Keluarga Anda ada yang belum mahir membaca Alquran? Ingin segera bisa? Klik di sini sekarang!

QS. Al Anfaal (Harta rampasan perang) – surah 8 ayat 27 [QS. 8:27]

O you who have believed, do not betray Allah and the Messenger or betray your trusts while you know (the consequence).
― Chapter 8. Surah Al Anfaal [verse 27]

يَٰٓأَيُّهَا wahai

O you
ٱلَّذِينَ orang-orang yang

who
ءَامَنُوا۟ beriman

believe!
لَا janganlah

(Do) not
تَخُونُوا۟ kamu mengkhianati

betray
ٱللَّهَ Allah

Allah
وَٱلرَّسُولَ dan Rasul

and the Messenger,
وَتَخُونُوٓا۟ dan kamu mengkhianati

or betray
أَمَٰنَٰتِكُمْ amanatamanat yang dipercayakan kepadamu

your trusts
وَأَنتُمْ dan kalian

while you
تَعْلَمُونَ (kalian) mengetahui

know.

Tafsir

Alquran

Surah Al Anfaal
8:27

Tafsir QS. Al Anfaal (8) : 27. Oleh Kementrian Agama RI


Abdullah bin Abi Qatadah berkata,
"Ayat ini turun berkenaan dengan Abu Lubabah pada ketika Rasulullah ﷺ, mengepung suku Quraidhah dan memerintahkan mereka untuk menerima putusan Saad.
Sesudah itu Quraidhah berunding dengan Abu Lubabah tentang menerima putusan Saad itu, karena keluarga Abu Lubabah dan harta bendanya berada dalam kekuasaan mereka.

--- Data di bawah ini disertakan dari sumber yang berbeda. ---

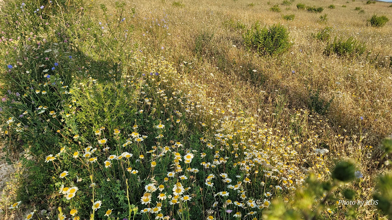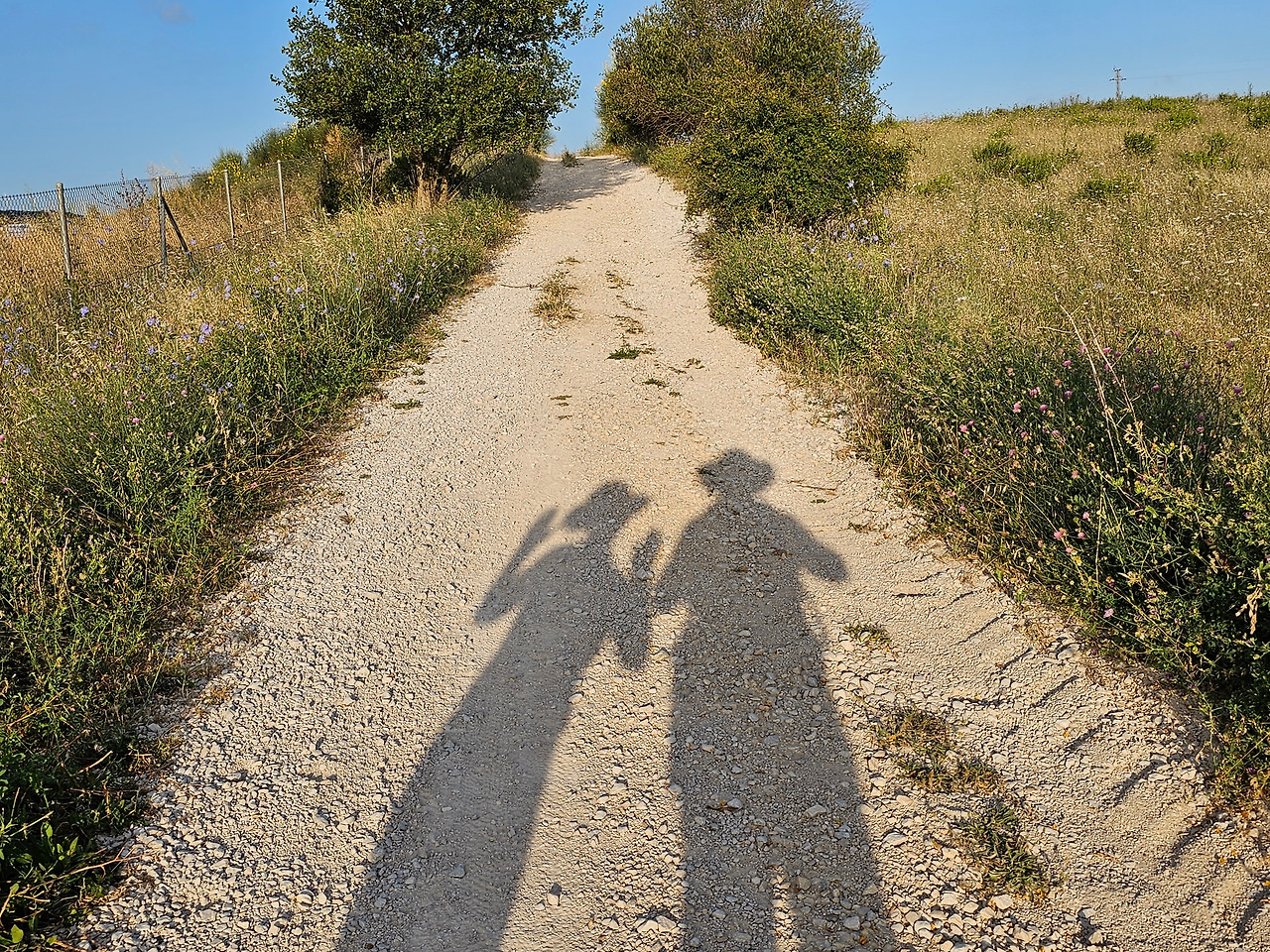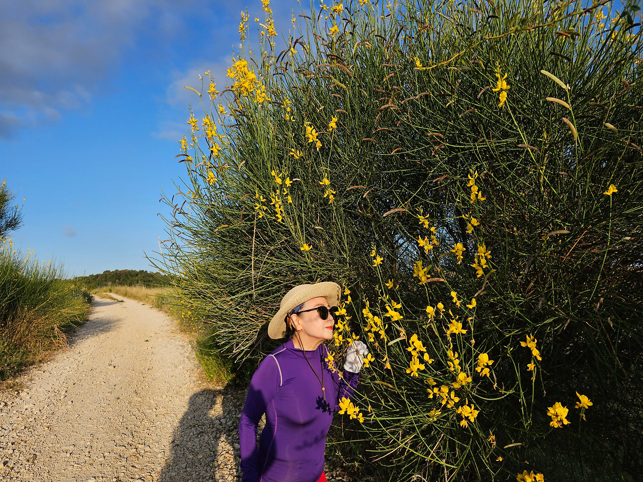 <아침 햇살에 그림자 놀이도 해본다.>무슨 꽃인지 모르지만 길섶에 향기로운 꽃들이 지천이다. 피곤한 발걸음을 꽃향기에 빌어서 잊어 보기도 한다.

Kemudian Quraidhah menunjuk ke lehernya (yakni sebagai tanda untuk disembelih).
Abu Lubabah berkata,
"Sebelum kedua telapak kakiku bergerak, aku telah mengetahui bahwa diriku telah berkhianat kepada Allah dan Rasul-Nya.
"
Kemudian ia bersumpah tidak akan makan apa pun sehingga ia mati, atau Allah menerima taubatnya.
Kemudian ia pergi ke mesjid dan mengikat dirinya ke tiang, dan tinggal beberapa hari di sana sehingga jatuh pingsan, karena badannya sangat lemah.

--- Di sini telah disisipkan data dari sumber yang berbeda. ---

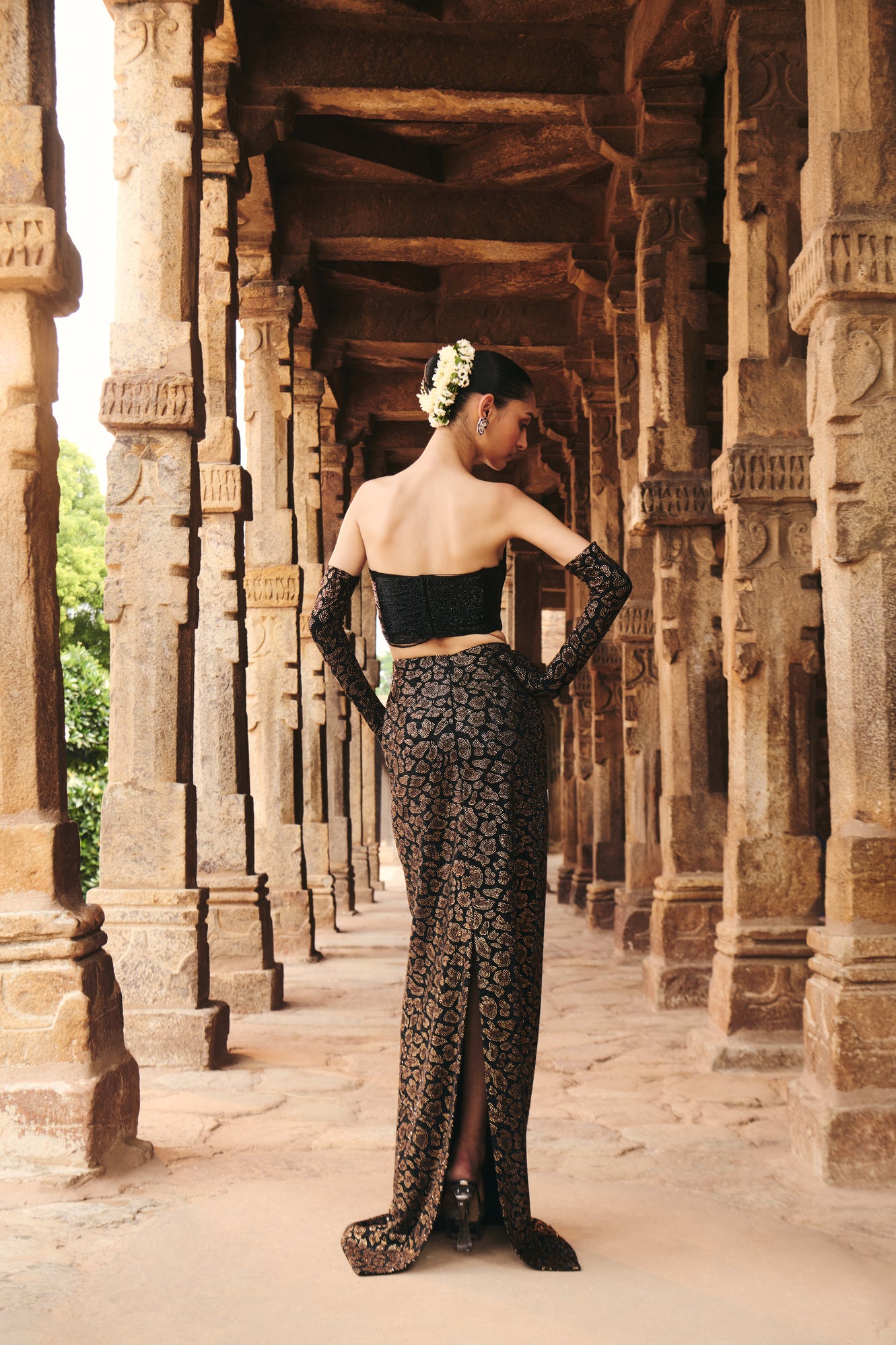 Black fringe corset on net base and a crepe skirt that has a pocket. The skirt has leopard print all over. This outfit is paired with leopard print gloves.

Kemudian Allah menerima taubatnya.
Dan ia bersumpah, bahwa dia tidak boleh dilepaskan dirinya dari ikatannya selain oleh Rasulullah sendiri.

Kemudian ia berkata,
"Hai Rasulullah! Saya bernazar untuk melepaskan hartaku sebagai sadaqah."
Rasulullah bersabda,
"Cukuplah bersadaqah sepertiganya.
"
(Riwayat Saad bin Manshur dari Abdillah bin Abi Qatadah).


Allah menyeru kaum Muslimin agar mereka tidak mengkhianati Allah dan Rasul-Nya, yaitu mengabaikan kewajiban-kewajiban yang harus mereka laksanakan, melanggar larangan-larangan-Nya, yang telah ditentukan dengan perantaraan wahyu.

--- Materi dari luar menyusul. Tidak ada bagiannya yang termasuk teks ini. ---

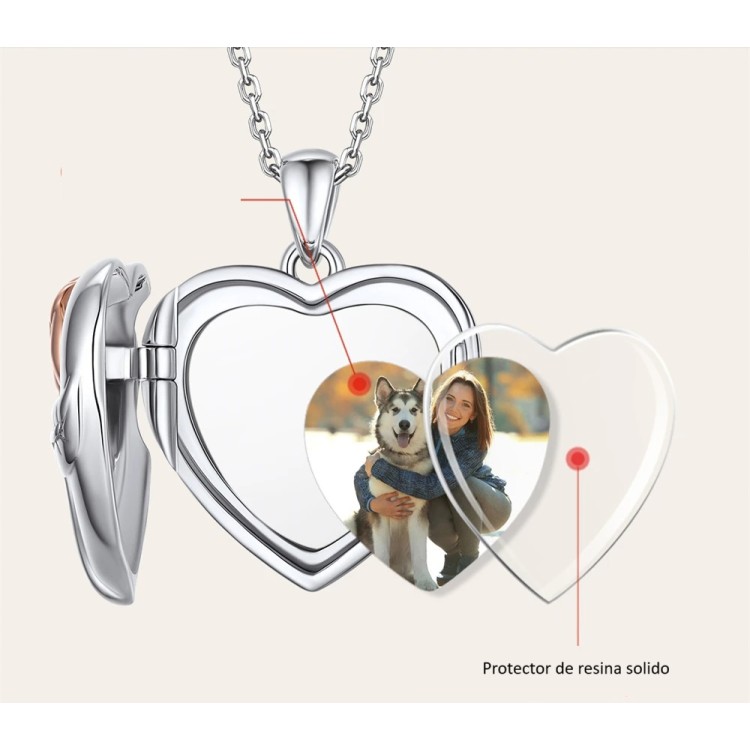 Collar relicario corazón en acero inoxidable con grabado de texto...

Tidak mengkhianati amanat yang telah dipercayakan kepada mereka, yaitu mengkhianati segala macam urusan yang menyangkut ketertiban umat, seperti urusan pemerintahan, urusan perang, urusan perdata, urusan kemasyarakatan dan tata tertib hidup masyarakat.
Untuk mengatur segala macam urusan yang ada dalam masyarakat itu diperlukan adanya peraturan yang ditaati oleh segenap anggota masyarakat dan oleh pejabat-pejabat yang dipercaya mengurusi kepentingan umat.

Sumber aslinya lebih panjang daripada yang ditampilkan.